Few brands are as well known as LEGO. The Danish construction toy has been massively popular since its creation in 1949, and today one can find legions of fans who design and build various sets. The company even has a system in place for designers to submit their ideas, which may be turned into is sets that can be sold. Ben Pitchford is one of these designers, and his latest proposal is a medieval blacksmith shop.


“When building this scene I tried to evoke the charm and lack of boundaries you might see in a medieval fantasy world,” Ben explains. “I really enjoyed building these charming little homes, with their twisted geometry, colorful roofs, and wooden beams throughout.”

After creating the building as part of a larger set for Brickworld Chicago 2019, where he won an award for “Best Individual Layout”, Ben redesigned the Blacksmith Shop and submitted it to LEGO. “It includes a full interior with removable roofs and opening back wall to access the inside workshop, armory, and leisure area,” he says. “Having an interior with lots of accessories that include a “light brick” for the exterior forge give an added play feature. I also eliminated a lot of parts to bring the total piece count down to approximately 2350 for a more realistic approach. I know there are a lot of adult fans of LEGO who would be interested in building more challenging sets that look like this and I would love to see a revival of this medieval/castle theme so I posted to the LEGO IDEAS page.”

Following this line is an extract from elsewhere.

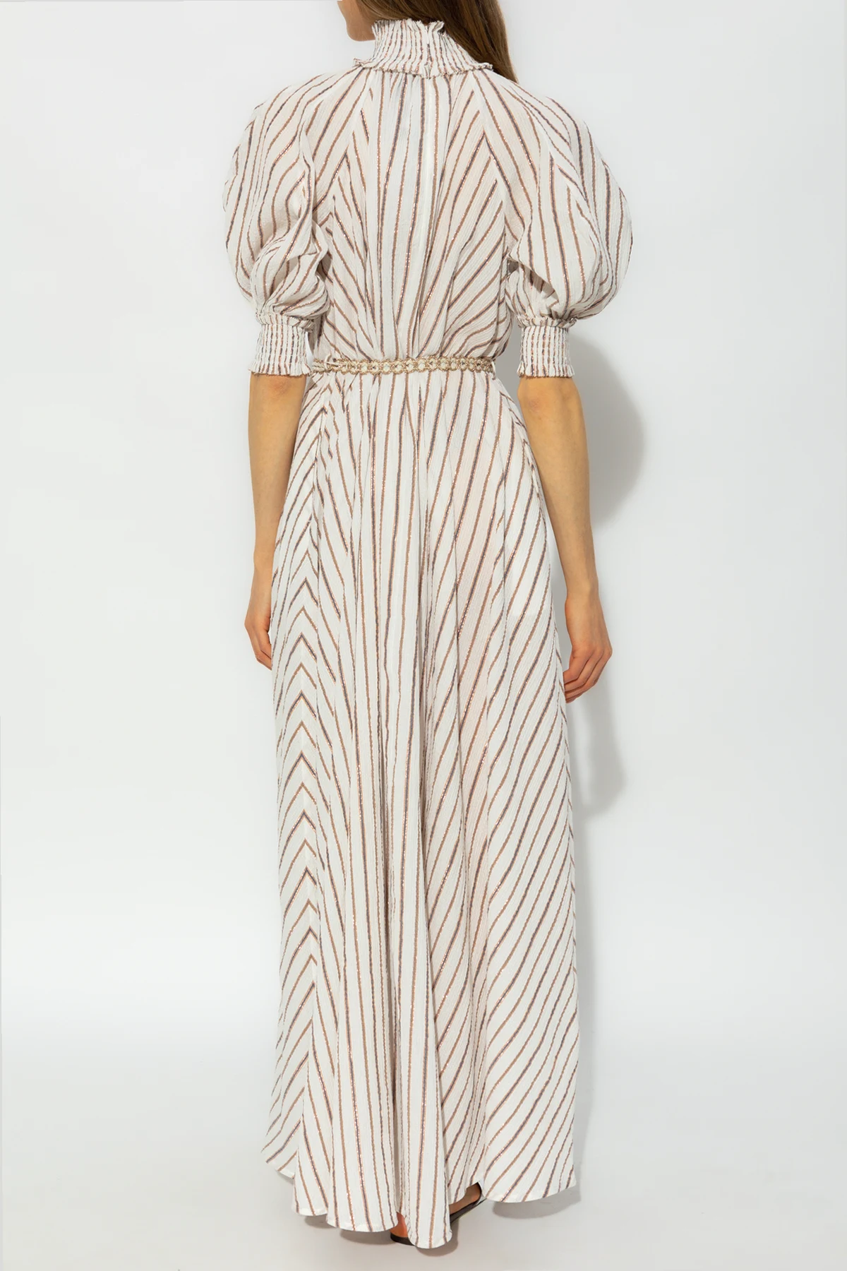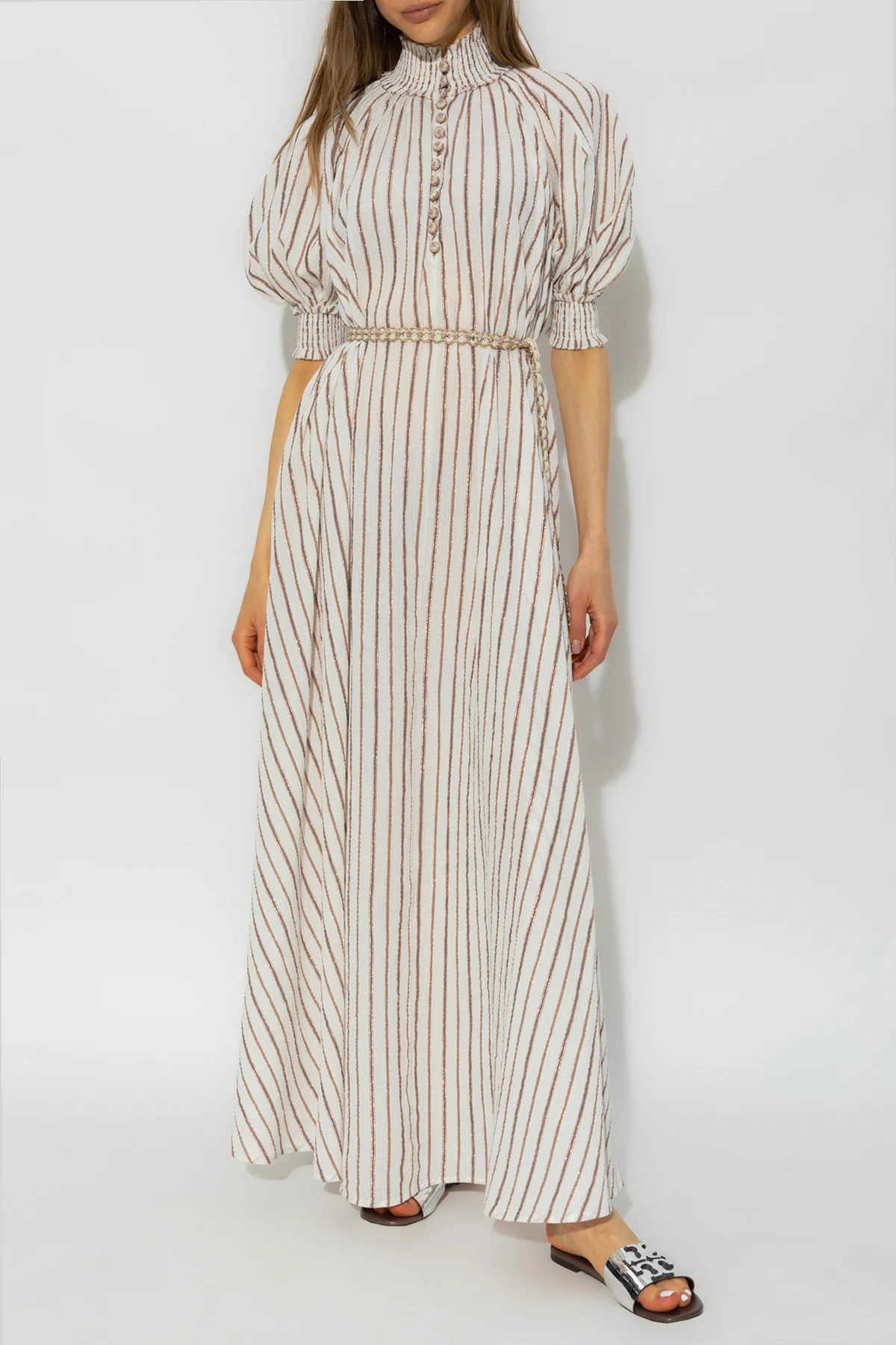 White maxi dress from Zimmermann. Crafted from cotton and inlaid with copper-coloured lurex yarn, this style fastens with buttons on the front and hidden zipper at the back and features a colourful pattern with vertical stripes. It is complete with a ruched standing collar, woven belt with a glossy trim and fringes, puff short sleeves with elasticated cuffs and a flared hem with two slip pockets.

Ben’s designs at Brickworld Chicago 2019

The process for getting a set idea is quite rigorous, and one of Ben’s previous ideas for a Medieval Watermill Project was rejected even though it reached 10,000 votes of support from fans. He believes that his new design has much a better chance of being accepted because of its reduced piece count and detailed interior.


Ben describes himself as “a big fan of anything medieval like castles, knights, the old dilapidated buildings, feudalism and their way of life so it was an obvious pick to recreate in the brick form. It’s definitely challenging to replicate this medieval architectural style using LEGO but when you place a few of these dilapidated buildings together on a village scene it’s a real eye catcher!”